## Input data
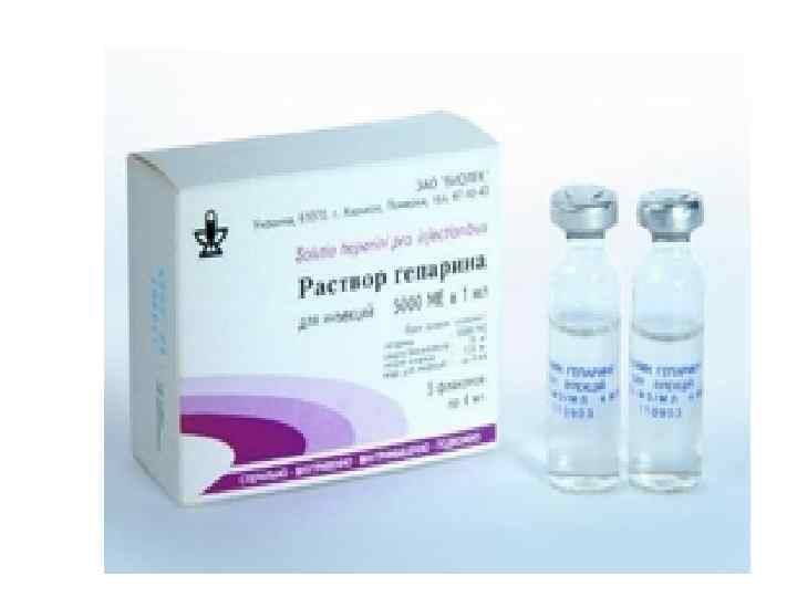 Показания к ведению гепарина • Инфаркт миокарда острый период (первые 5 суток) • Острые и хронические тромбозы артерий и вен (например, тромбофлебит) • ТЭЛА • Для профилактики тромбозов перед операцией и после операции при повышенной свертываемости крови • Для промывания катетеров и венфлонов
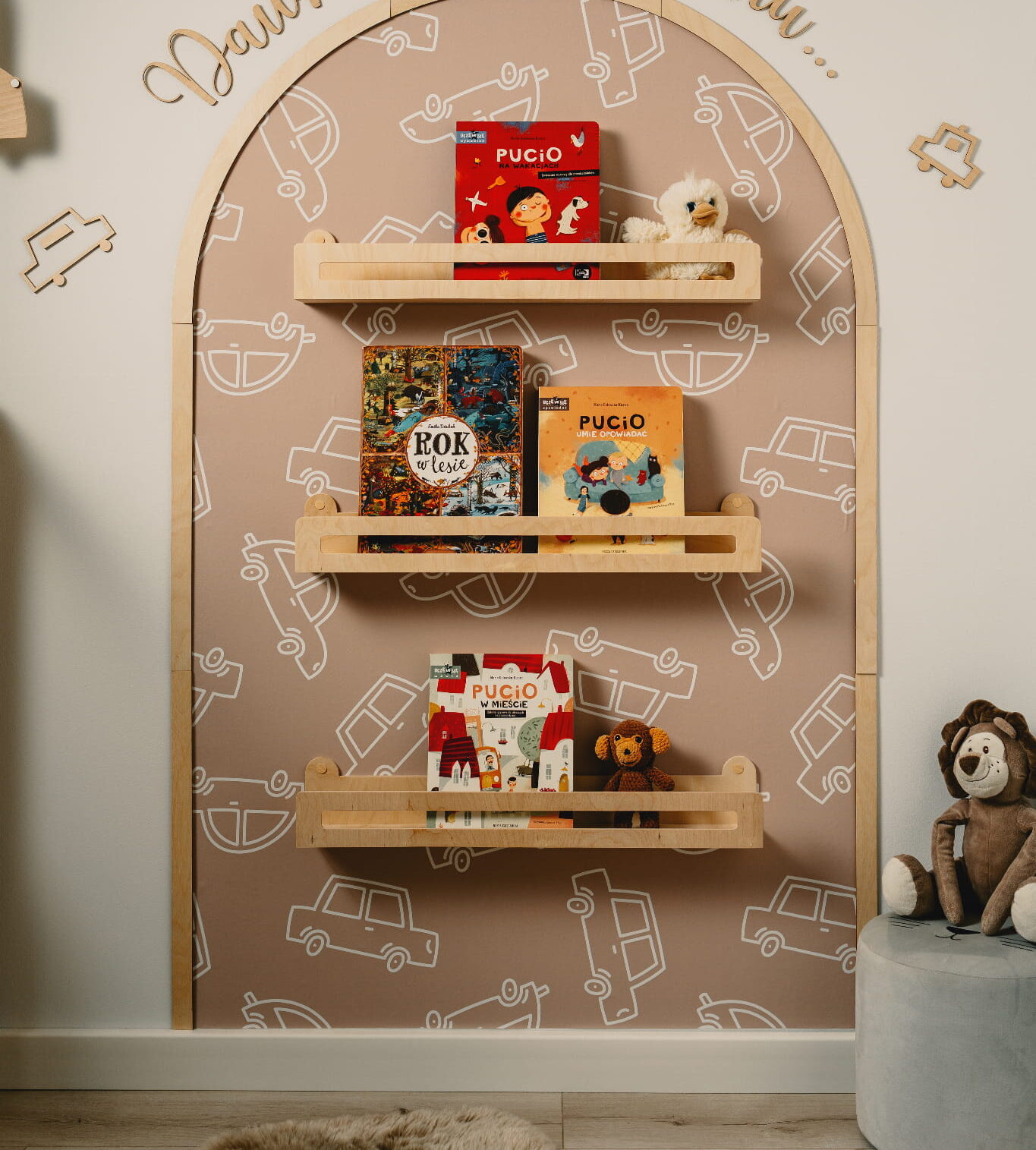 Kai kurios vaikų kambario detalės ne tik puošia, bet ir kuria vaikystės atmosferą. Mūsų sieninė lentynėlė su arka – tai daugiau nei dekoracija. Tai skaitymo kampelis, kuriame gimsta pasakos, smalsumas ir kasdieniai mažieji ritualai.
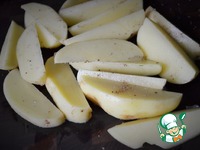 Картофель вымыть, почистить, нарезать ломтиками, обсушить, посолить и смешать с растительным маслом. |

## Description of the task
Line by line, write out the material exactly, leaving the images out.

## Result below
 Показания к ведению гепарина • Инфаркт миокарда острый период (первые 5 суток) • Острые и хронические тромбозы артерий и вен (например, тромбофлебит) • ТЭЛА • Для профилактики тромбозов перед операцией и после операции при повышенной свертываемости крови • Для промывания катетеров и венфлонов
 Kai kurios vaikų kambario detalės ne tik puošia, bet ir kuria vaikystės atmosferą. Mūsų sieninė lentynėlė su arka – tai daugiau nei dekoracija. Tai skaitymo kampelis, kuriame gimsta pasakos, smalsumas ir kasdieniai mažieji ritualai.
 Картофель вымыть, почистить, нарезать ломтиками, обсушить, посолить и смешать с растительным маслом. |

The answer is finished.